Dünya
Devrilen rejimin son nefesi: Sahil tugayı ve Kusayr
Suriye’de yeni yönetimin iş başına gelmesi ile ülkede güvenlik birimleri tekrar kuruluyor. Bu sırada eski rejim milisleri ise zaman zaman yeni yönetimin güvenlik birimlerine saldırılar düzenliyor. Ancak son dönemde Lübnan sınırında yaşananlar Suriye’de eski rejime destek veren Nusayri azınlığın yeni bir yapılanmaya girdiğini gösteriyor.
Suriye’de 8 Aralık’ta 61 yıllık baas rejimi çöktü. Yeni bir devrim gerçekleştirildi. Devrik lider Beşar Esad’ın Rusya’ya kaçarken İsrail’e verdiği koordinatlar sonrası siyonistlerin ülkenin hava savunma ve askeri kapasitesini yok etmesini sağladı. Bugün geçici Cumhurbaşkanlığı koltuğuna Ahmet Şara oturuyor ancak Şara’nın eli İdlib’de olduğundan daha güçlü değil.
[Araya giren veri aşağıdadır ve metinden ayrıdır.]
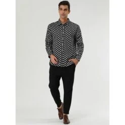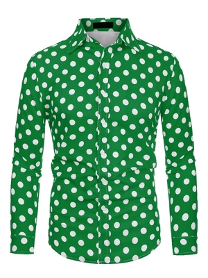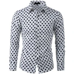 The polka-dot shirt is a weekend wardrobe essential. This shirt has a curved hem, both practical and versatile. With a cotton construction and fitted tailoring, this all-over oversized dot print button-down features a spread collar. Layer this shirt over a basic tee for a nod to laid-back summer style. Style with jeans and sneakers to build up a casual, smart look.

Suriye’de polis teşkilatı oluşturulurken HTŞ ve muhalif grupların kendilerini fes ederek yeni ordu için Savunma Bakanlığı’na bağlanması bir süreci beraberinde getirdi. Elinde kapsamlı silahlar olmayan yeni ordu yapılanmaya çalışırken eski rejime bağlı milis güçler zaman zaman ülkenin dört bir yanında ‘’vur-kaç’’ saldırıları düzenliyor.
HERMEL VE KUSAYR NEDEN ÖNEMLİ?
Bugüne kadar yapılan saldırılar Suriye ordusu tarafından bertaraf edildi. Son olarak Lübnan sınırındaki çatışmalar ise daha derin oyuncuların devreye girdiğini gösteriyor. Suriye Ordusu’nun Lübnan sınırındaki güvenlik operasyonlarında Hizbullah ile çatışmalar başladı. Suriye Ordusu'na bağlı iki asker, yaşanan çatışmalar sırasında İran destekli Hizbullah milisleri tarafından esir alındı. Ardından ise esirler Lübnan ordusunun devreye girmesi ile Suriye hükümetine teslim edildi.
Bölgede çatışmalar sürerken 18 uyuşturucu tüccar ve sevkiyatçısı yakalandı, 26 Hizbullah militanı hayatını kaybetti. Lübnan’da bulunan Hermel kasabası ise Suriye ordusu tarafından vuruluyor.
Bölgede bulunan gazetecilere göre Hizbullah özellikle Kusayr kentine hâkim tepelerde konuşlanmak istedi ancak çatışmalar sonrası milis güçler püskürtüldü. Kusayr kenti Hizbullah için kritik öneme sahip. Hizbullah buradan Suriye’ye askeri güç sokarak o dönem Halep’i muhaliflerden almış, ayrıca ‘’captagon’’ olarak bilinen uyuşturucuların geçiş güzergahını buradan işletmişti.
‘’SAHİL TUGAYI KALKANI ÖRGÜTÜ’’ KURULDU
Ayrıca Nusayrilerin yoğun olarak yaşadığı Tartus ve Lazkiye kırsalında yeni bir eski rejim yapılanması örgütleniyor. "Sahil Tugayı Kalkanı" adında yeni bir örgütün kurulduğu ve bu örgütün Suriye hükümetine karşı savaşacağı duyuruldu.
"Sahil Tugayı Kalkanı" Taburu olarak duyurulan örgüt, eski rejimden kalma silahlarla mücadele edecek, Özellikle Lazkiye dağlarında eski rejimden kaçan asker ve milislerin bulunduğu biliniyordu. Tugayın arkasında ise ‘’Suriye’de olaylar bitmeyecek diyen’’ İran’nın olduğu iddia ediliyor.
İRAN’NIN ROLÜ NE?
İran Dışişleri Bakanı Abbas Arakçi, İran'ın Suriye halkı tarafından seçilecek herhangi bir hükümeti desteklediğini söylemişti. Ancak "Suriyeli gençlerin" Şeriat'a karşı ayaklanmasına destek vereceğini açıklayan İran Dini Lideri Ali Hamaney'in açıklamalarıyla çelişiyor.
Ancak İran’nın 7 Ekim ‘’Aksa tufanı operasyonu’’nun ardından başlayan saldırı dalgası ile bölgedeki etkisi son yirmi yılın en zayıf döneminde olduğu biliniyor. Hizbullah’a askeri bir yardım yapamayan İran’nın "Sahil Tugayı Kalkanı" Taburuna Suriye içinde kriptolamış elemanları ile lojistik sağlayıp sağlayamayacağı merak konusu.